BEIJING, Jan. 23 (Xinhua) -- Beijing's permanent population growth in 2014 slowed for the first time in over a decade.

Since 2000, on average the capital's permanent population has increased by nearly 600,000 annually, reaching 20.69 million at the end of 2012, far exceeding the city's 2020 target of 18 million.

The municipal statistics bureau said the city's total population hit 21.5 million in 2014, 368,000 more people than 2013. However, this is 87,000 less than in 2013.

Population control was a priority task on the municipal government's 2014 work agenda, according to the work report delivered to the annual session of the Municipal People's Congress by Mayor Wang Anshun last year.

This was the first time that population control was raised in a government work report.

Beijing's population is about 2.6 times that of London and 2.5 times more than New York.
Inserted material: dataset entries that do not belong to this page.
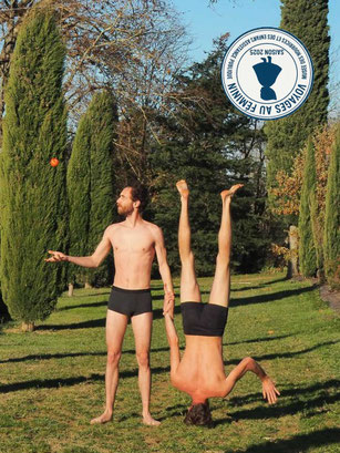 Spectacle contre-pied, en opposition aux femmes qui voyagent, un spectacle où deux hommes cherchent à s’enraciner.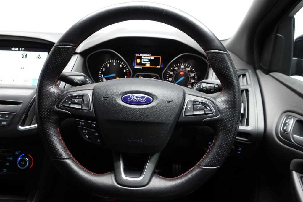 Other features: Automatic Dimming Rear View Mirror,Centre Console – Premium with Sliding Armrest – Covered Stowage Bins,Convenience Pack,Courtesy Light – Front and Rear Passengers – Overhead Halogen and Load Compartment,DEATC – Dual-Zone Electronic Automatic Temperature Control,Door Edge Protectors,Drivers Seat Lumbar Adjust,Ford Power Starter Button,Front and Rear Floor Mats with Red Stitching,Front Seat – Drivers Manual Height and Fore-Aft Adjustment,Front Seat – Passenger Manual Fore-Aft Adjustment,Front Seats – Sports Style,Gearshift Knob – Leather,Headliner – Black Woven,Heated Steering Wheel,Keyless Start,Leather-Trimmed Handbrake,MyKey,Rain Sensitive Windshield Wipers,Red Stitched Handbrake and Steering Wheel,Sports Style Pedals – Gear Knob and Steering Wheel,Steering Column – Rake and Reach Adjustment,Steering Wheel – 3-spoke Flat Bottom – Leather Trimmed 18in Alloy Wheels – ST-Line – Rock Metallic,Black Exterior Trim Detailing including Upper Door Line and Headlamp Surround,Body Colour Large Rear Spoiler and Side Skirts,Body Coloured Front Styling Kit with Centre Aero Foil,Door Mirrors – Body Colour Housing – Heated Electrically Operated Power Fold – Integrated Side Indicator,Locking Wheel Nuts,Power Tilt and Slide Sunroof,Quickclear Heated Front Windscreen with Heated Washer Jets,Rear Bumper with Integral Body Coloured Diffuser and Honeycomb Mesh in High-Gloss Black,Rear Privacy Glass,Red Painted Brake Calipers,Spare Wheel – Mini Steel,ST Line Stainless Steel Scuff Plates,Unique ST Rear Spoiler,Upper and Lower Grille – High Gloss Black Honeycomb Design,Windows – Electrically Operated Front and Rear with One Touch Lowering-Closing and Global Opening-Closing,Wipers – Standard with 6 Speed Interval Settings Active City Stop,Airbags – Driver and Front Passenger,Airbags – Front and Rear Side Curtain,Airbags – Front Side Impact,Alarm – Thatcham Category 1 with Volume Sensing and Perimeter,Anti-Lock Braking System – ABS with Electronic Brake Force Distribution – EBD,Cruise Control with Active Speed Limiter,Driver Assistance Pack,Electronic Stability Programme – ESP – with Traction Control and Emergency Brake Assist – EBA,Emergency Brake Warning – Automatic Hazard Warning Lights,Ford Easy-Fuel Capless Refuelling System,Ford Eco Mode – Driver Information System,Hill Start Assist,IPS – Intelligent Protection System,Parking Distance Sensors – Rear,Remote Central-Double Locking,Seats – ISOFIX Mounting Provision for Child Seats,Trip Computer,TVC – Torque Vectoring Control,Tyre Pressure Monitoring System Automatic Headlights,Blind Spot Information System,Candy Red,Deep Impact Blue,EPAS – Electric Power Assisted Steering,Extended Warranty 4 Years – 80000 Miles,Extended Warranty 5 Years – 100000 Miles,Front Fog Lights,Front Suspension – Independent with MacPherson Struts and Anti-Roll Bar,Frozen White,Halogen Headlights with Black Surround,Headlights – Courtesy Delay,LED Daytime Running Lights,Magnetic,Moondust Silver,Premium Ford SYNC3 DAB Navigation System,Race Red,Rear Lights – LED,Rear Suspension – Independent Control Blade Multi-Link System and Anti-Roll Bar,Rear View Camera,Shadow Black,Special Colours,Suspension – Sports,Tectonic Silver,View Cloth – Charcoal Black with Red Stitching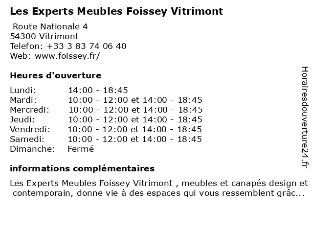 | Samedi | 10:00-12:00 et 14:00-18:45 |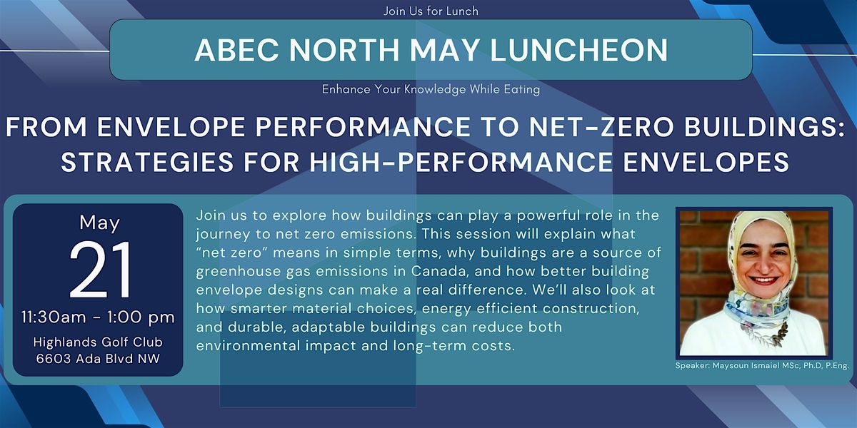 From Envelope Performance to Net-Zero Buildings: Strategies for High-Performance Envelopes. This month's luncheon will explore how buildings can play a powerful role in the journey to net zero emissions. This session will explain what “net zero” means in simple terms, why buildings are a source of greenhouse gas emissions in Canada, and how better building envelope designs can make a real difference. We’ll also look at how smarter material choices, energy efficient construction, and durable, adaptable buildings can reduce both environmental impact and long-term costs.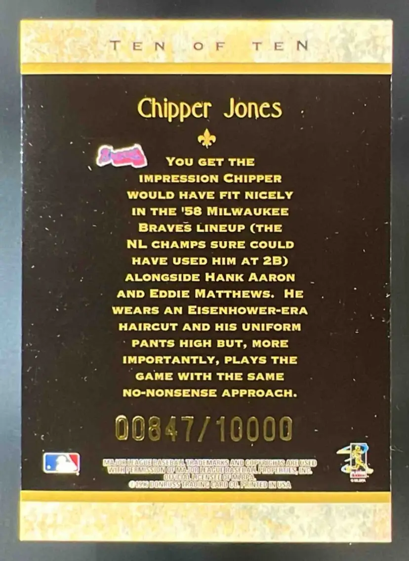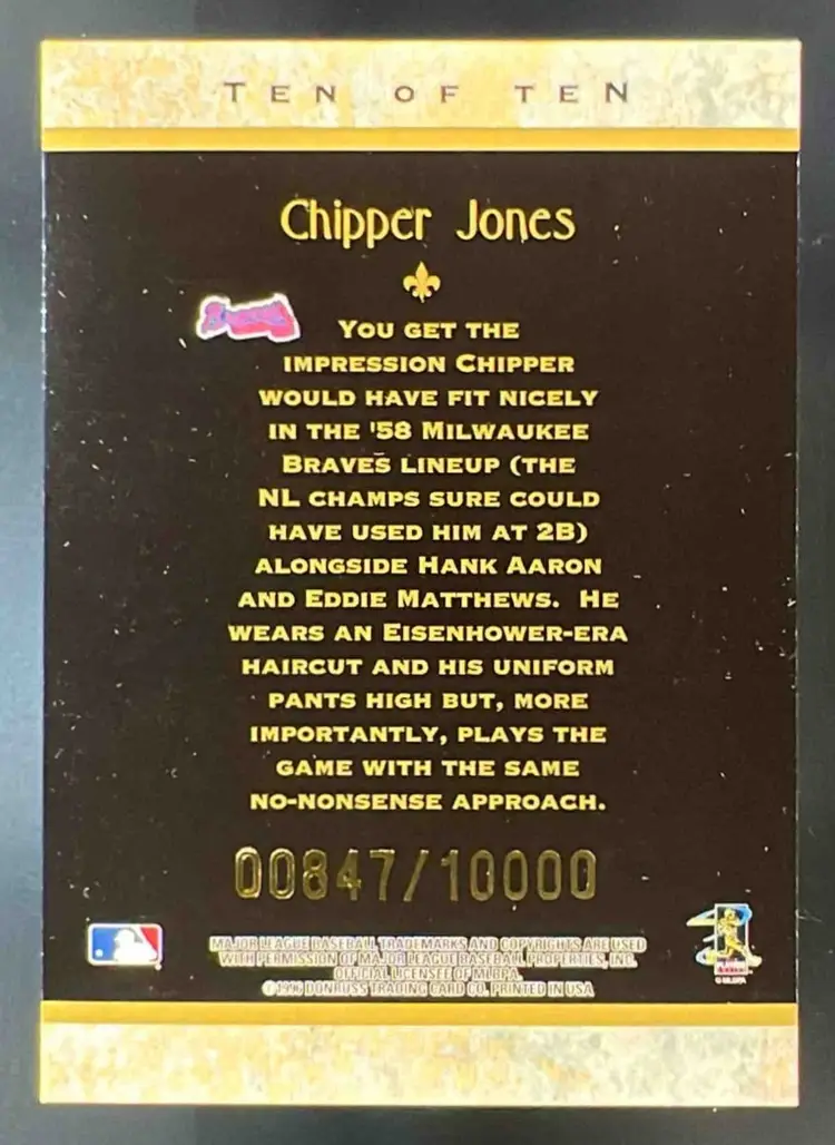 1997 Donruss Baseball Chipper Jones Diamond Kings /10000 #10 Atlanta Braves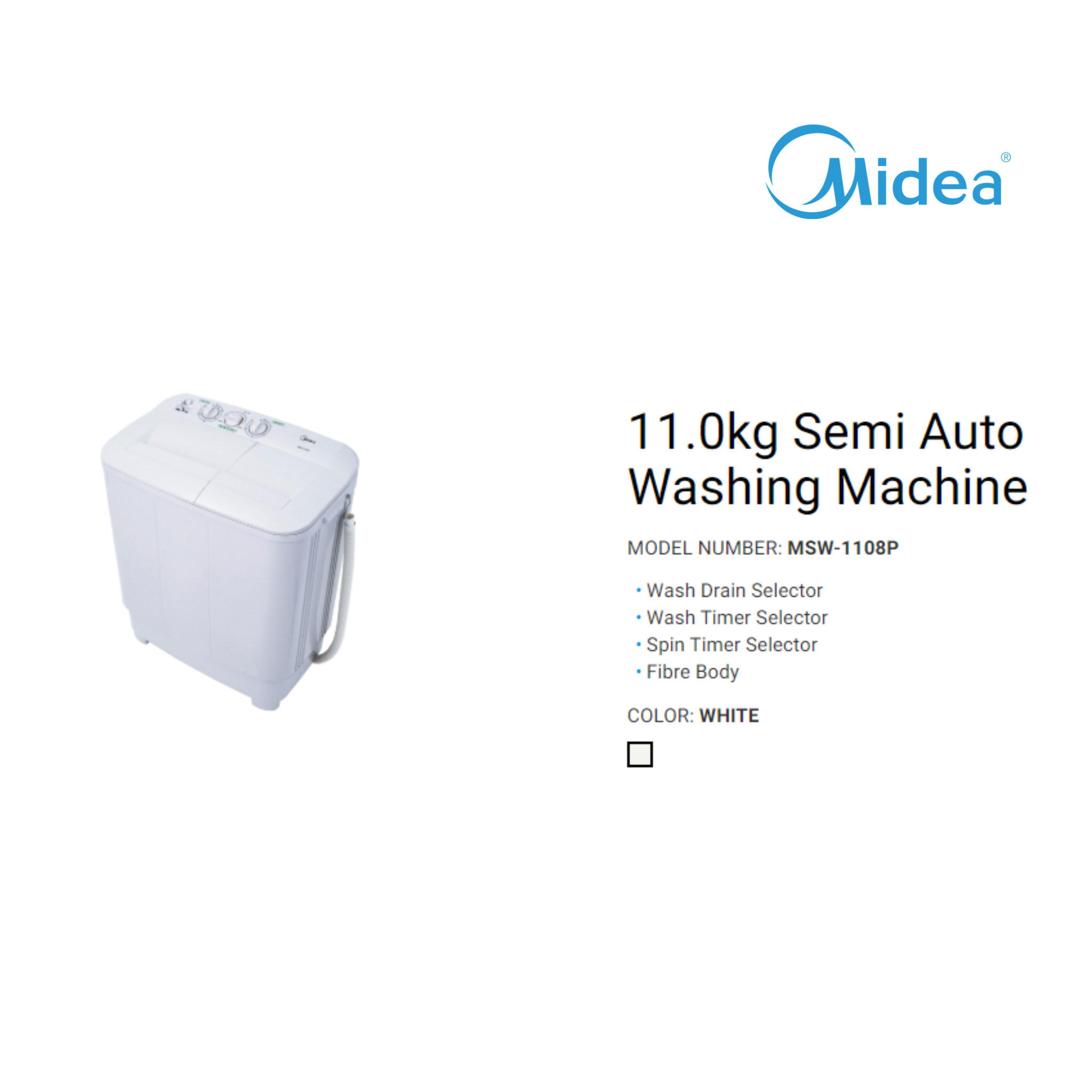 Midea 11.0Kg 8P Series Semi Auto Washing Machine MSW-1108P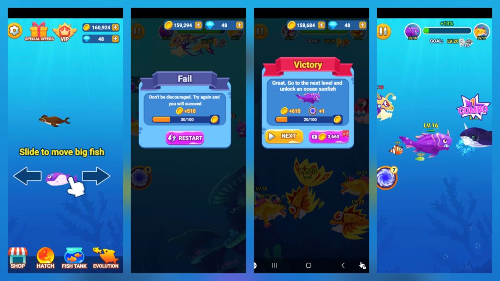 - Visual Evolution: Your fish has clear levels (Lv.10, Lv.20). Every upgrade and evolution (e.g., from “Guppy” to “Tabby”) brings visible changes in form and increased power, providing direct feedback.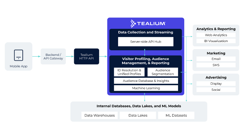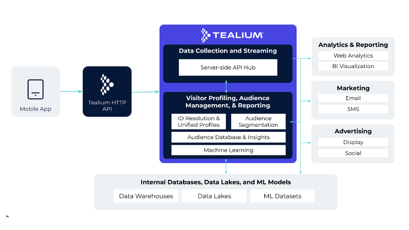 - Even without an SDK, mobile apps can stream events to Tealium in real time.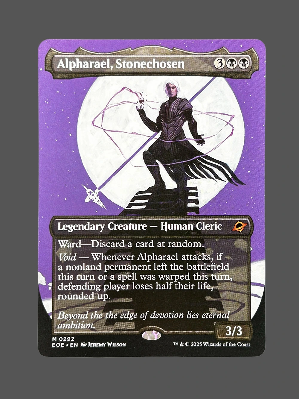 Looking for a high-quality Alpharael, Stonechosen proxy? This Holo proxy from The Brothers’ War (EOE) is a Legendary Creature — Human Cleric that combines Ward and Void abilities to disrupt opponents and deal devastating life damage. Built with German black core paper and professional CMYK printing, it’s virtually indistinguishable from the original.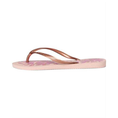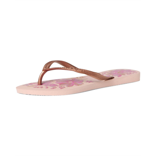 - Delicate and romantic, the Havaianas Slim Organic Flip Flop Sandals are one of Havaianas' most classic models. With thinner straps and rubber outsole, these sandals also feature a touch of sophistication with the metallic straps. Adorned with floral prints, the flip-flops are made of a rubber upper, insole, and lining. Whether you're going out to the beach or on a casual walk, these slip-on sandals are a great choice.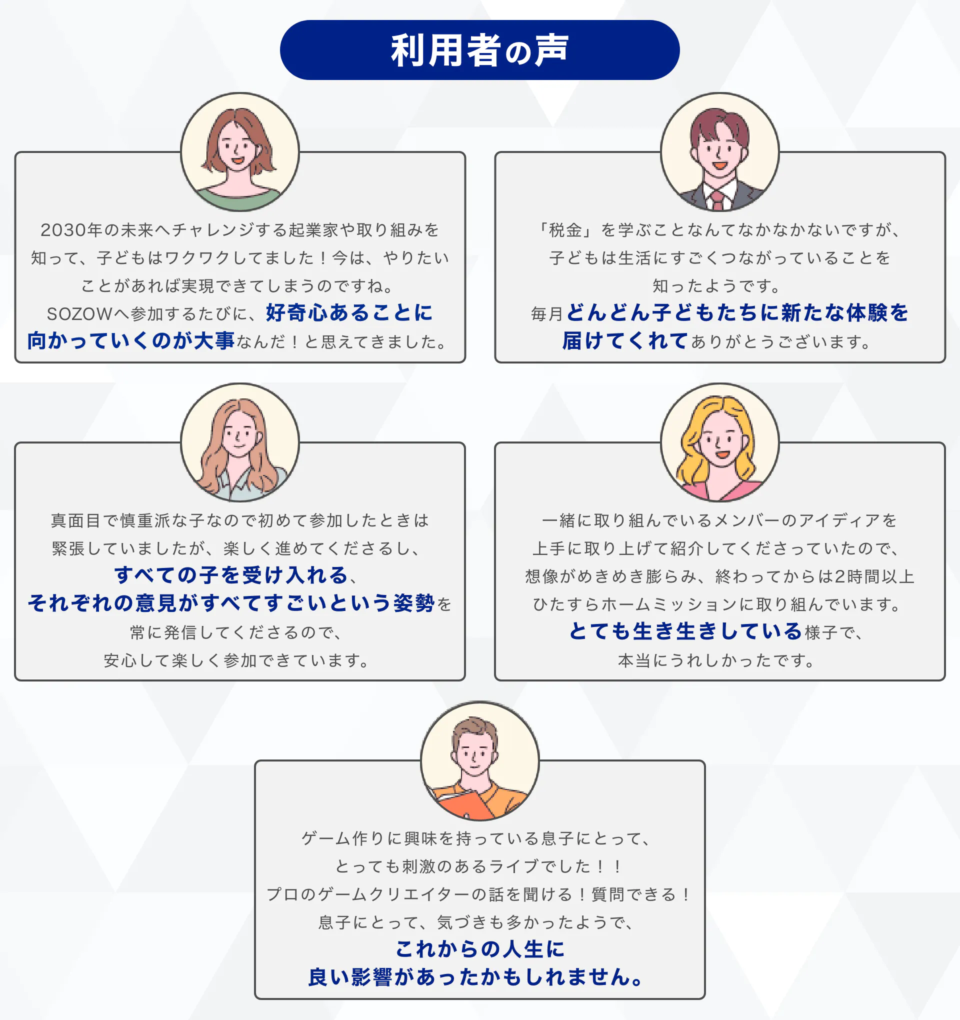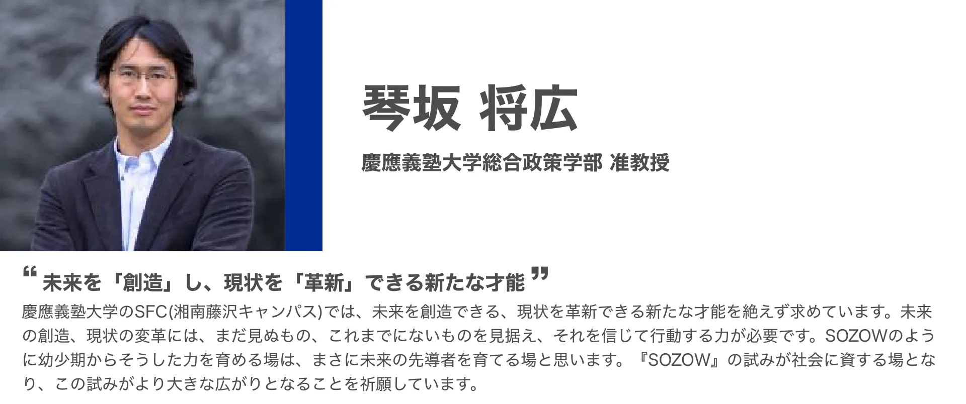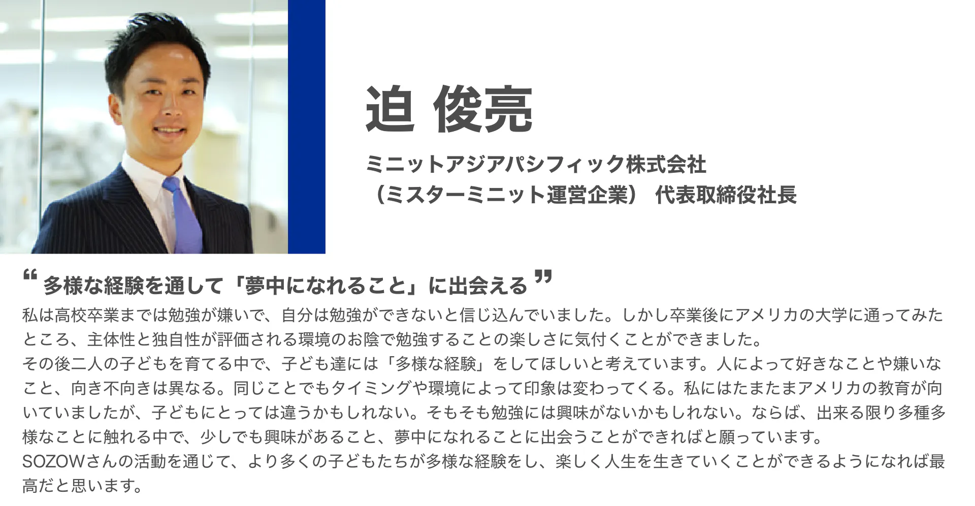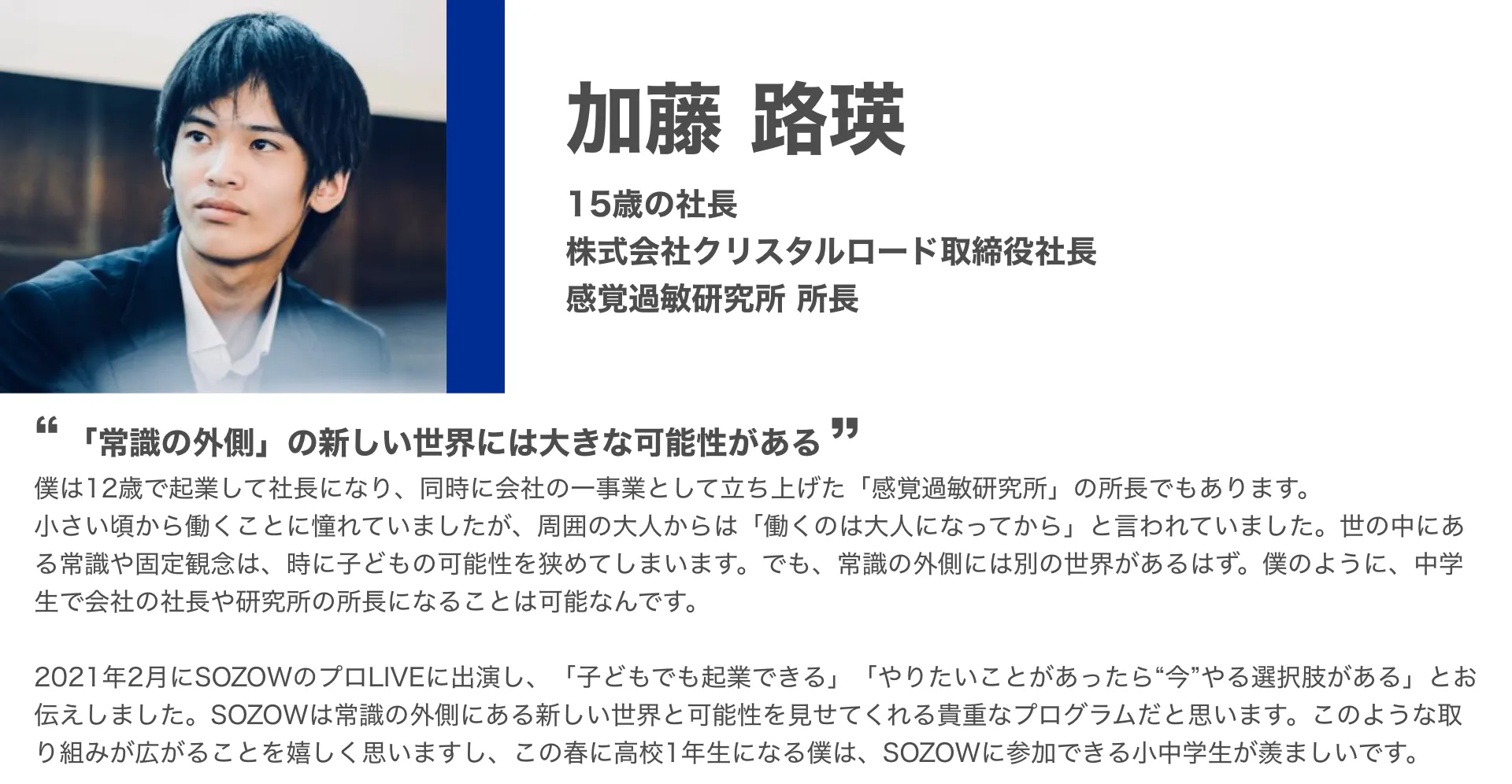 「SOZOW」を通して、子どもひとりひとりが持つ個性に寄り添い、その子ならではの「好き」や「やりたい」を見つけ、育むお手伝いをしていきます。このサービスを一人でも多くの子どもに受けてもらい、自分らしく生きるきっかけを提供したいと考えています。

Population growth is blamed for many of the city's problems.

"As a modern international metropolis, Beijing is challenged by a complex mixture of 'urban diseases'," Wang explained.

Over the past year, a number of wholesale markets in the city's central areas were shut down or relocated. The capital also accelerated the pace of industrial restructuring and took a more stringent attitude to floating population registration.

The legislature's 2015 session opened on Friday. The integration of Beijing with its neighbors Hebei Province and Tianjin Municipality is one of the meeting's hot topics. The integration aims to transfer some of the capital's functions to Hebei and Tianjin.

Wang said in his government work report on Friday that the city will implement a residence certificate system this year, and continue to shut down outdated production capacity with 300 manufacturing firms identified for closure. A number of industrial workshops will also be closed.

Sun Shuo, deputy director of the Xicheng District government in Beijing, said after the closure of a clothing wholesale market near Beijing Zoo last year, more than 1,300 shops moved out of Beijing. The space will now be allocated to e-commerce, banking and financing firms.

The mayor said that the city's central district was a hodgepodge of activities, services and enterprises.

If the planned integration is to succeed, it would not only solve Beijing's population issues, but also bridge the huge public resource and services gap between the capital and its neighbors.